Air Pollution: Further Education and Schools
29 Apr 2021

Questioner: Ruth Jones (LAB - Newport West)

Question

To ask the Secretary of State for Environment, Food and Rural Affairs, what assessment he has made for the implications of his policies of the research from Asthma UK and the British Lung Foundation on the number of schools and colleges located in areas with fine particulate matter over levels recommended by the World Health Organization.

Answered by Rebecca Pow

Our thoughts continue to be with Ella’s family and friends. We will carefully consider the recommendations in the Prevention of Future Deaths report and respond in due course.

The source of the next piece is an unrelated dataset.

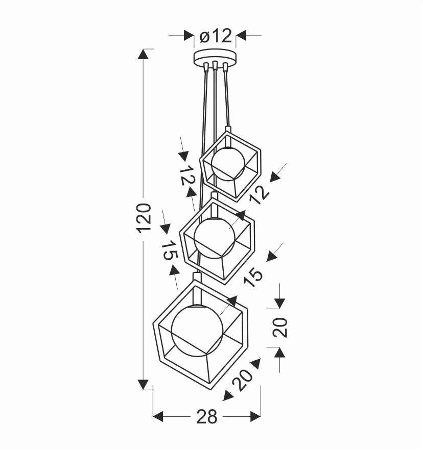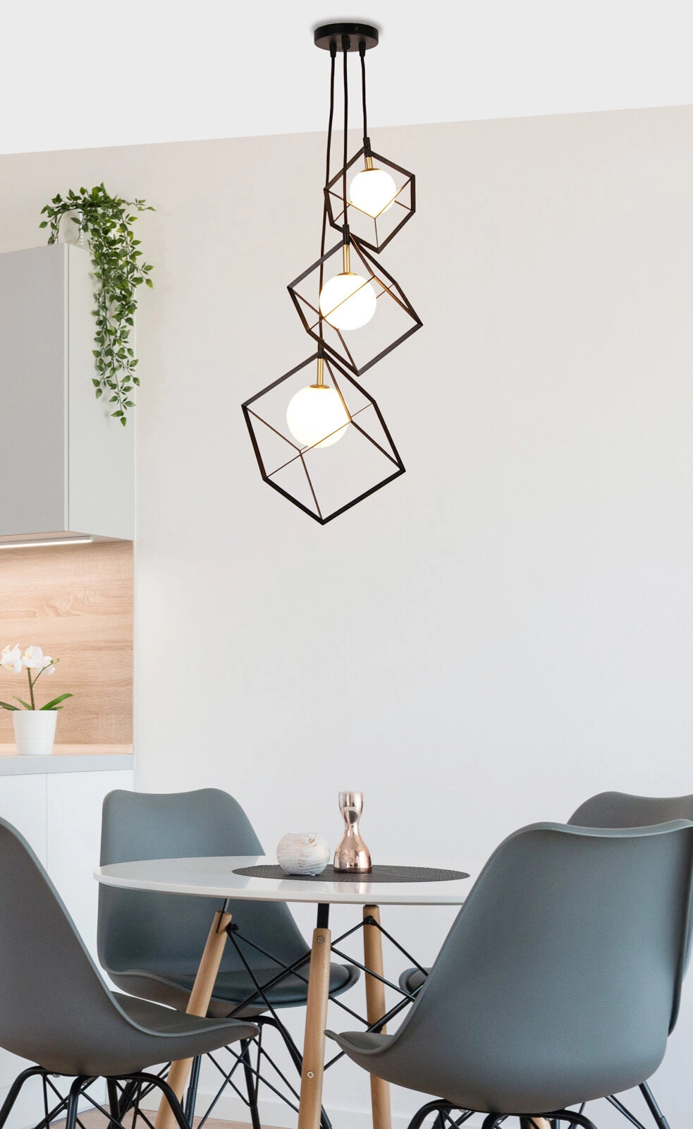 Seria lamp inspirowanych stylem industrialnym w kształcie kostki, wykonanych z metalu w kolorach czarnym i złotym, z białym szklanym kloszem wewnątrz. W skład rodziny wchodzą 3 lampy wiszące i dwie lampy stołowe. Doskonale nadają się do salonu, kuchni, jadalni, gabinetu, sypialni, pokoju młodzieżowego. Rodzina lamp sprawdzi się również w pomieszczeniach użyteczności publicznej typu salony piekności, kawiarnie, puby, itp.Seria składa się lamp pojedyńczych i potrójnych w różnych wielkościach, co daje możliwość ciekawego zestawiania lamp w pomieszczeniu. Lampa wisząca potrójna złożona z trzech wielkości kostek z trzema źródłami światła. Żarówki nie są dołączone do produktów z zewnętrznym źródłem światła.

We know that air pollution is the single greatest environmental risk to human health, and although air pollution has reduced significantly over the last decade, there is more to do. The World Health Organization has praised our Clean Air Strategy as "an example for the rest of the world to follow". We know there is a strong case for taking ambitious action on PM2.5 as it is the pollutant that has the most significant impact on health. That is why we are introducing a duty to set a PM2.5 target – alongside at least one additional long-term air quality target - in the Environment Bill. We have always been clear that we will consider the World Health Organization’s guidelines for PM2.5 at part of this process.

Defra provides a wide range of air quality data and air quality information on the online UK Air Information Resource, known as UK-AIR, including a five-day forecast from the Met Office on predicted air pollution levels, allowing members of the public, particularly those who are most likely to be affected by such pollution, to take action. UK-AIR also provides the most up-to-date information on measured pollution levels via the national network of air pollution monitors and provides Public Health England advice on practical actions and steps people can take to minimise the impact of these events. However, it is clear that there is a lack of awareness about the availability of this information and we need to consider how to address this.

Evidence submitted to the Coroner to assist his inquiry cannot be disclosed without his permission. We will work with the Coroner to consider what evidence can be published with the Government’s response to the Prevention of Future Deaths Report.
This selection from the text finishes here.